[[ Extracted data open ]]

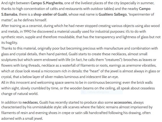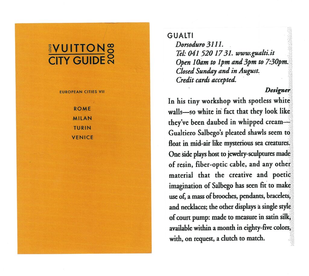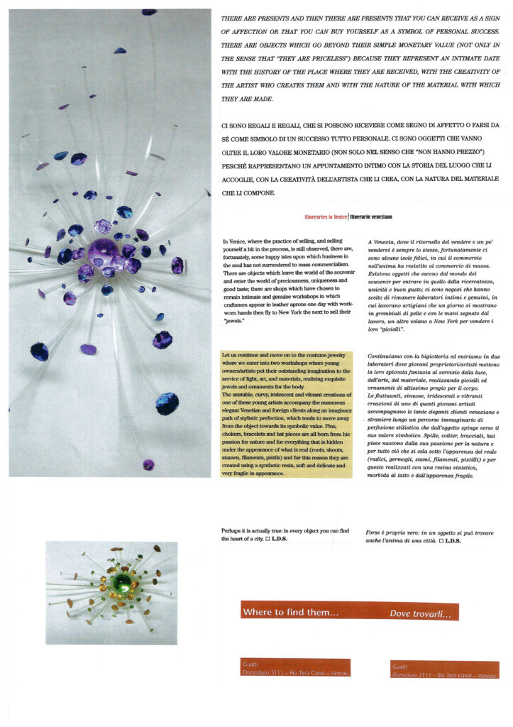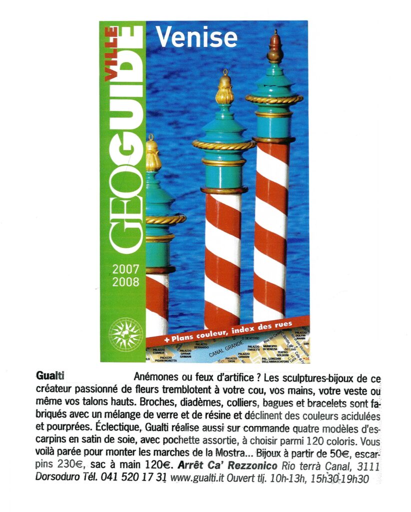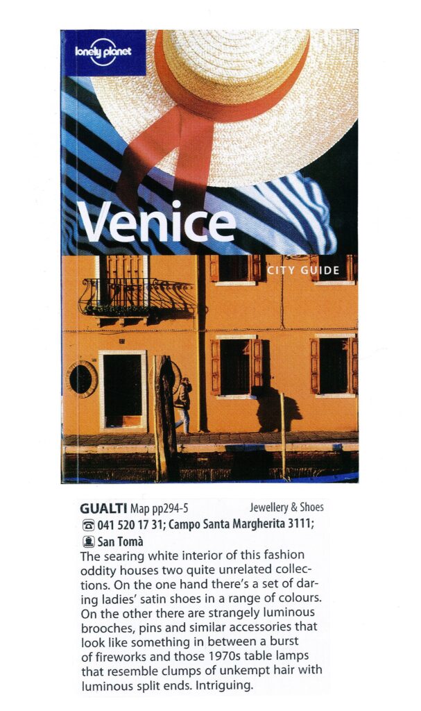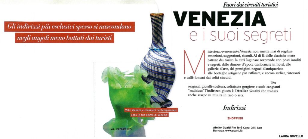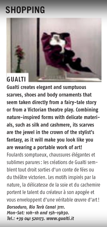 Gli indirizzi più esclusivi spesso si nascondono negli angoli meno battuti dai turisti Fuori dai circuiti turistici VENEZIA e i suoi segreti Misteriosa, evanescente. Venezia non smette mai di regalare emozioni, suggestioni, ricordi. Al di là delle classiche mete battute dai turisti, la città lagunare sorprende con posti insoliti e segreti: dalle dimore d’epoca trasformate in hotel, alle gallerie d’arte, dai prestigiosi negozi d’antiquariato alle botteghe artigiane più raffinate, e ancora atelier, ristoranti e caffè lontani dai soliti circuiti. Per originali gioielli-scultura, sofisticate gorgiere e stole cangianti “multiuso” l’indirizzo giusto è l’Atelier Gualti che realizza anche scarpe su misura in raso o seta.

[[ Extracted data closed ]]
[[ Extracted data open ]]

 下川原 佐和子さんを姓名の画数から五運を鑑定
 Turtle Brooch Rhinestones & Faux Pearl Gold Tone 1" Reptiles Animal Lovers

[[ Extracted data closed ]]
[[ Extracted data open ]]

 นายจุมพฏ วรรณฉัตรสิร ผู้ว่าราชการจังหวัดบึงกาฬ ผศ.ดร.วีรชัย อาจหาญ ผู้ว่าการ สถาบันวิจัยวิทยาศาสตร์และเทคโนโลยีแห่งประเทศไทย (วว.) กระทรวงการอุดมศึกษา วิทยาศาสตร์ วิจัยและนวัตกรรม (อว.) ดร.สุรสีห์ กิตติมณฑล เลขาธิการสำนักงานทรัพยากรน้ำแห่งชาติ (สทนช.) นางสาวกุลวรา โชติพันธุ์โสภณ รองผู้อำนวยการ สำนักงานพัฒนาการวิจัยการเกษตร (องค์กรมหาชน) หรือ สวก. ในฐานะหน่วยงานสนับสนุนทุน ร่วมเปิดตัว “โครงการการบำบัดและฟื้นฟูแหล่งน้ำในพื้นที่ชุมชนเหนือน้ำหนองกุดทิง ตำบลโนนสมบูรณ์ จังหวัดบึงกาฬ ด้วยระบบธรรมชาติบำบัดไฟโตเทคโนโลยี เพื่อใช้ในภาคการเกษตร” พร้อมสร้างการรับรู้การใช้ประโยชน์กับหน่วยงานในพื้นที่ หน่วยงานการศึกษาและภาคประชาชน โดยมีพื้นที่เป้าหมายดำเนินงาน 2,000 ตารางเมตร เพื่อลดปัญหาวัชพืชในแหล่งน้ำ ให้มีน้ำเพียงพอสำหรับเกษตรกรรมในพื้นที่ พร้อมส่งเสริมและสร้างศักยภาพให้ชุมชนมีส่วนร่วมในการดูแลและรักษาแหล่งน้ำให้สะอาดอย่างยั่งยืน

[[ Extracted data closed ]]

Required action
Beginning with the line above that contains "下川原 佐和子さんを姓名の画数から五運を鑑定", copy each line exactly up to and including the line that contains "Turtle Brooch Rhinestones", and go no further.

Exercise output
 下川原 佐和子さんを姓名の画数から五運を鑑定
 Turtle Brooch Rhinestones & Faux Pearl Gold Tone 1" Reptiles Animal Lovers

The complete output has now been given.